■ INFORMATION PROVIDED
*** Begin section ***

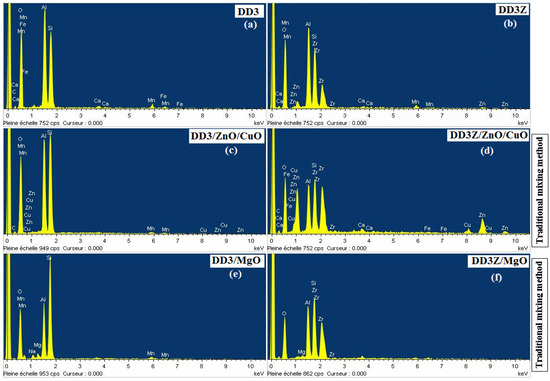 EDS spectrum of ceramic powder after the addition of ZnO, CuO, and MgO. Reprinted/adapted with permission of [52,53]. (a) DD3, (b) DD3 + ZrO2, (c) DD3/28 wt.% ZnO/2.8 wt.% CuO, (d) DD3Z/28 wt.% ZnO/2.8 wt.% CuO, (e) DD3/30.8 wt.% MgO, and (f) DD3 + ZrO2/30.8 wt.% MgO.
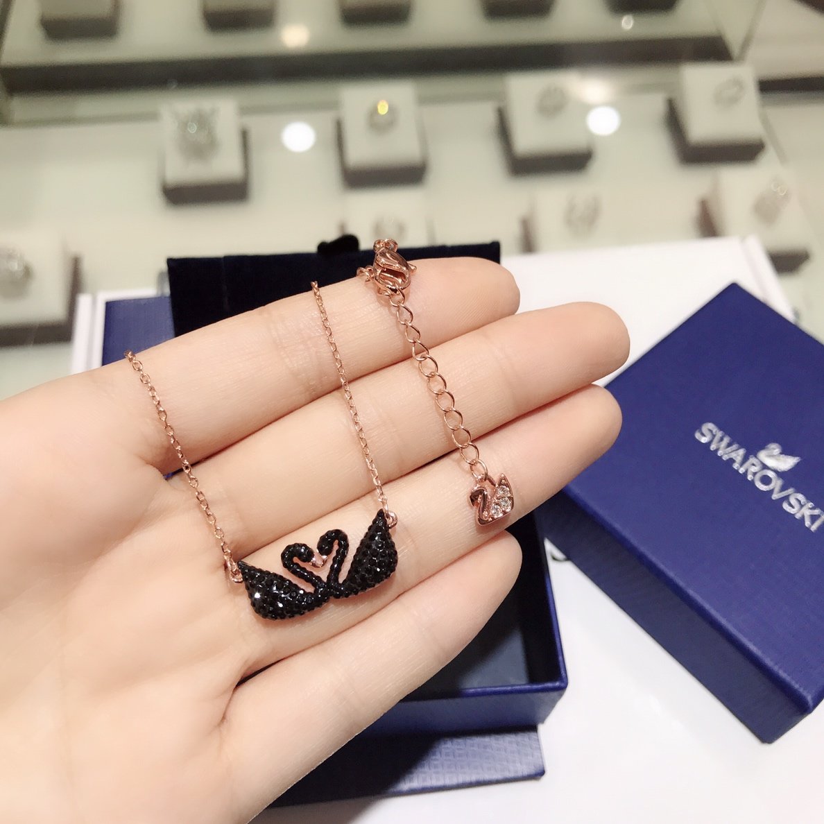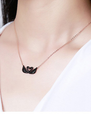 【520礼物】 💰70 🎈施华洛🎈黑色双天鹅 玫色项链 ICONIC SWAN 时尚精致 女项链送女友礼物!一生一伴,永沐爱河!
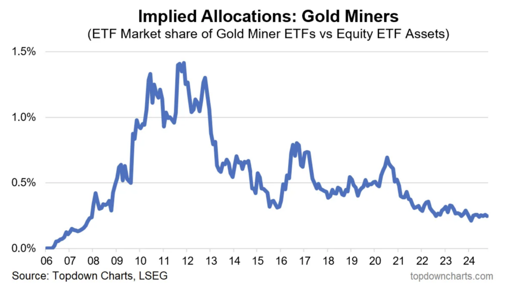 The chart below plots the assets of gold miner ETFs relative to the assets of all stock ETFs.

*** End section ***

■ WHAT IS REQUIRED
Leave the images out and output the remaining material exactly as it stands.

■ RESULT OF THIS TASK
 EDS spectrum of ceramic powder after the addition of ZnO, CuO, and MgO. Reprinted/adapted with permission of [52,53]. (a) DD3, (b) DD3 + ZrO2, (c) DD3/28 wt.% ZnO/2.8 wt.% CuO, (d) DD3Z/28 wt.% ZnO/2.8 wt.% CuO, (e) DD3/30.8 wt.% MgO, and (f) DD3 + ZrO2/30.8 wt.% MgO.
 【520礼物】 💰70 🎈施华洛🎈黑色双天鹅 玫色项链 ICONIC SWAN 时尚精致 女项链送女友礼物!一生一伴,永沐爱河!
 The chart below plots the assets of gold miner ETFs relative to the assets of all stock ETFs.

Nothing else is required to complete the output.